Reputation: 276
I'm implementing a simple UART receive-transmit protocol on STM32F103, the library/boilerplate code I'm using here is LL, not HAL (as HAL includes insane amounts of overhead)
My problem is that after successfully entering the interrupt handler "USART1_IRQHandler" it keeps cycling on forever. My code is here:
void USART1_IRQHandler(void)
{
/* USER CODE BEGIN USART1_IRQn 0 */
int ii = 0;
for(ii=0; ii<4; ii++){
LL_mDelay(40);
LL_GPIO_TogglePin(GPIOA, LL_GPIO_PIN_5);
LL_mDelay(40);
LL_GPIO_TogglePin(GPIOA, LL_GPIO_PIN_5);
}
uint8_t cc = LL_USART_ReceiveData8(USART1);
LL_USART_TransmitData8(USART1, cc);
LL_mDelay(130);
//LL_USART_ClearFlag_RXNE(USART1);
//NVIC_ClearPendingIRQ( USART1_IRQn );
/* USER CODE END USART1_IRQn 0 */
/* USER CODE BEGIN USART1_IRQn 1 */
/* USER CODE END USART1_IRQn 1 */
}
and in main.c I have:
LL_USART_EnableIT_RXNE(USART1);
while (1)
{
LL_mDelay(300);
LL_GPIO_TogglePin(GPIOA, LL_GPIO_PIN_5);
LL_mDelay(300);
LL_GPIO_TogglePin(GPIOA, LL_GPIO_PIN_5);
//LL_USART_EnableIT_TC(USART1);
/* USER CODE END WHILE */
/* USER CODE BEGIN 3 */
}
The GPIO_Toggle commands are just there to blink an led so I know what's going on.

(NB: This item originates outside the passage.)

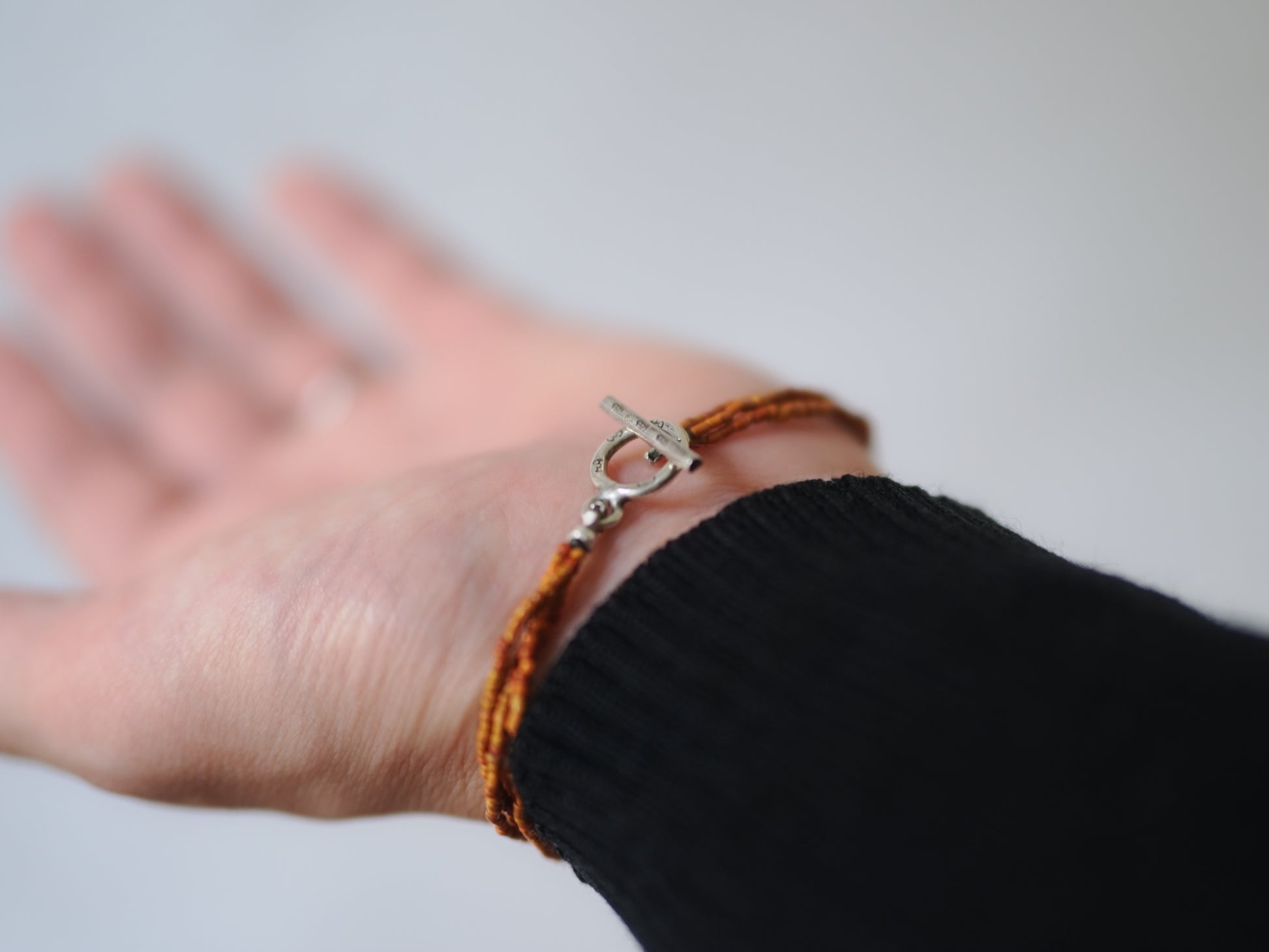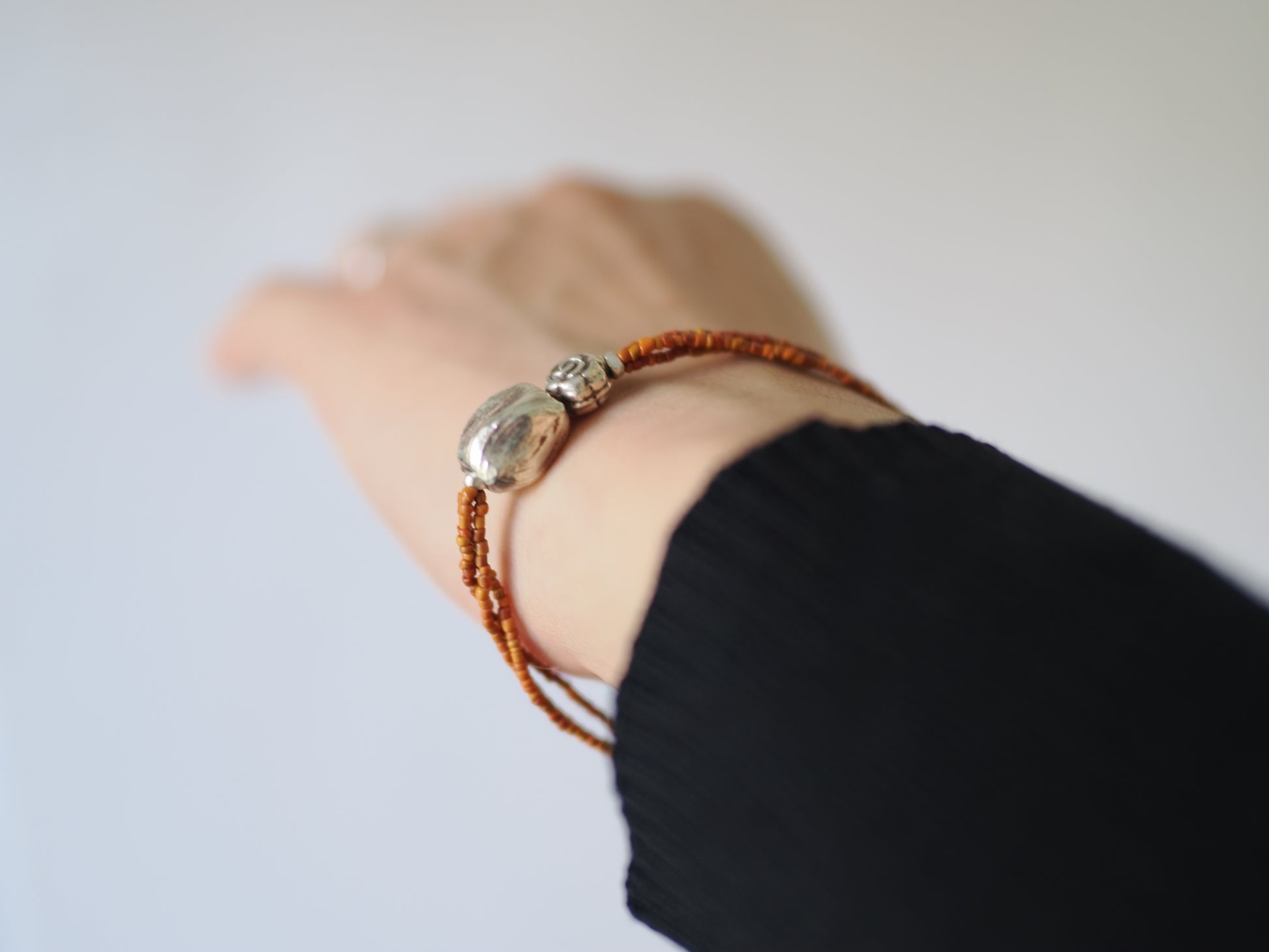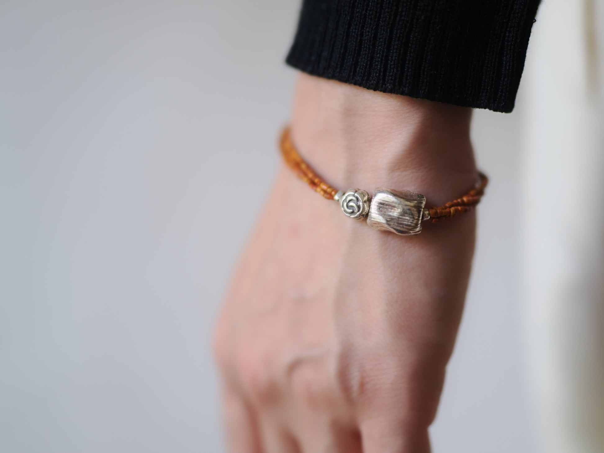 アクセントにカレンシルバーを合わせ、装飾感のあるブレスレットに仕立てました。

Here's waht happens: When I power the MC up, it enters the main loop and blinks slowly. When I send something (~10 bytes) through UART, the led starts blinking fast, indicating that it has entered the interrupt handler. PProblem is that it never stops and keeps spinning around in the interrupt handler.

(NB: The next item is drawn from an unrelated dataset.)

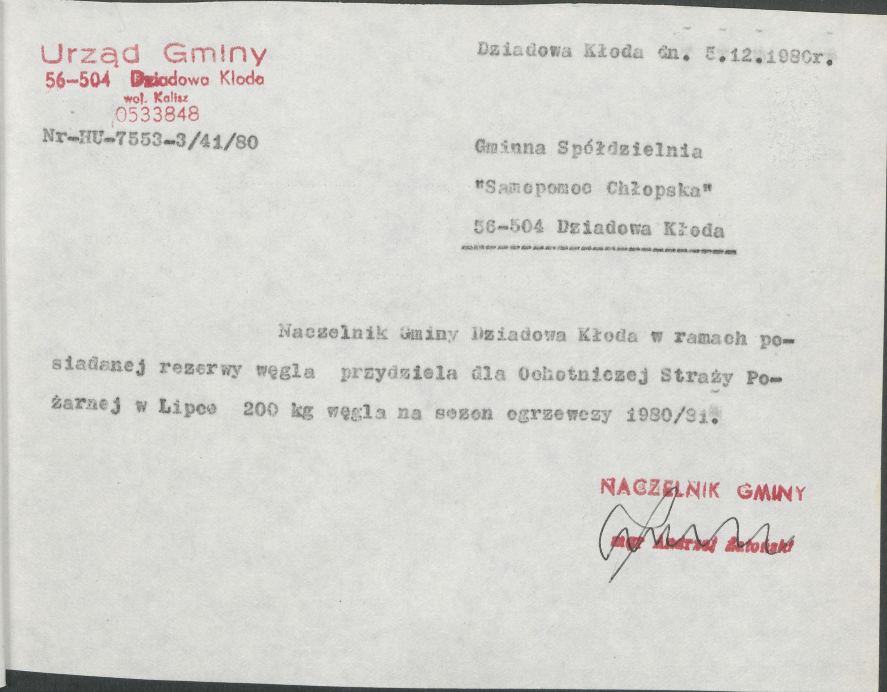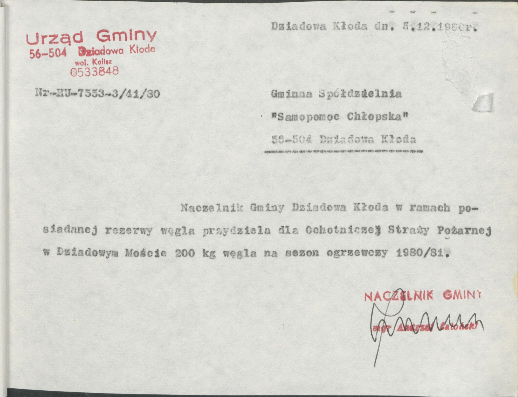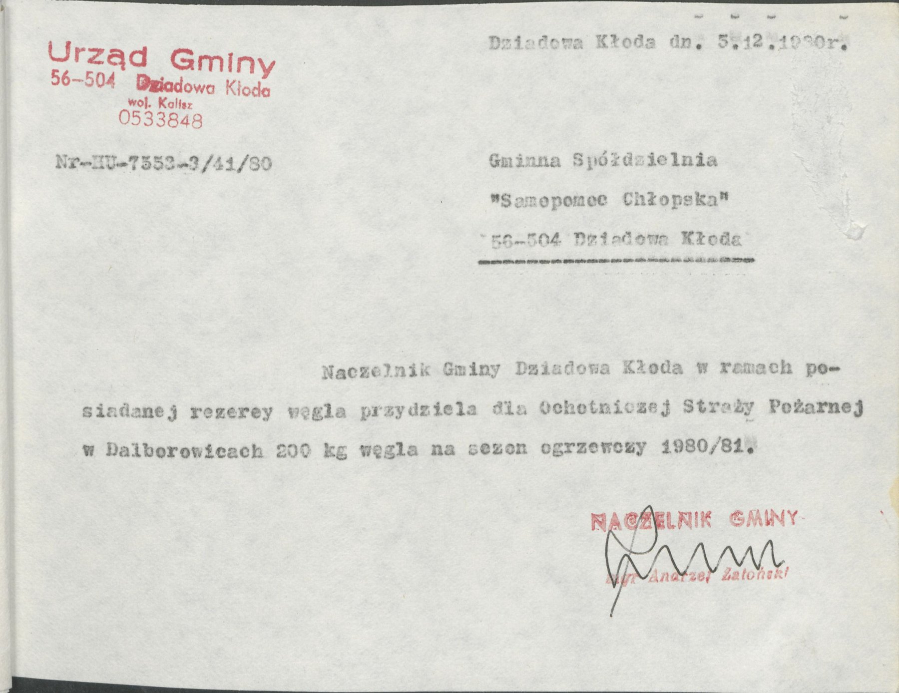 Pisma z 5 grudnia 1980 r. Naczelnika Gminy Dziadowa Kłoda, informujące o przydziale w ramach posiadanej rezerwy węgla na sezon grzewczy 1980/81 w ilości 200 kg dla Ochotniczej Straży Pożarnej w Dziadowej Kłodzie, Miłowicach, Dalborowicach, Dziadowym Moście, Gołębicach oraz Lipce.

I've tried using the now commented functions
LL_USART_ClearFlag_RXNE(USART1);
NVIC_ClearPendingIRQ( USART1_IRQn );
either alone or in combination but they have absolutely no effect on anything. What am I doing wrong? How can I exit the handler?
Upvotes: 2
Views: 3832
Reputation: 3618
The system time utilised for controlling delays is updated by a periodic sysTick interrupt. If the RXNE interrupt has a higher priority than the sysTick interrupt it won't be handled while you're inside your RXNE IRQ handler, so the time will never increment and your delay end time will never be reached. Depending on how your delay is implemented, it may just put the CPU in a spinlock that can never exit.
Upvotes: 1
Reputation: 67476
Actually everything in your USART interrupt handler is wrong.
You can't just read and write the data register when you want to. You need to know if you are allowed to
You should also control the error statuses.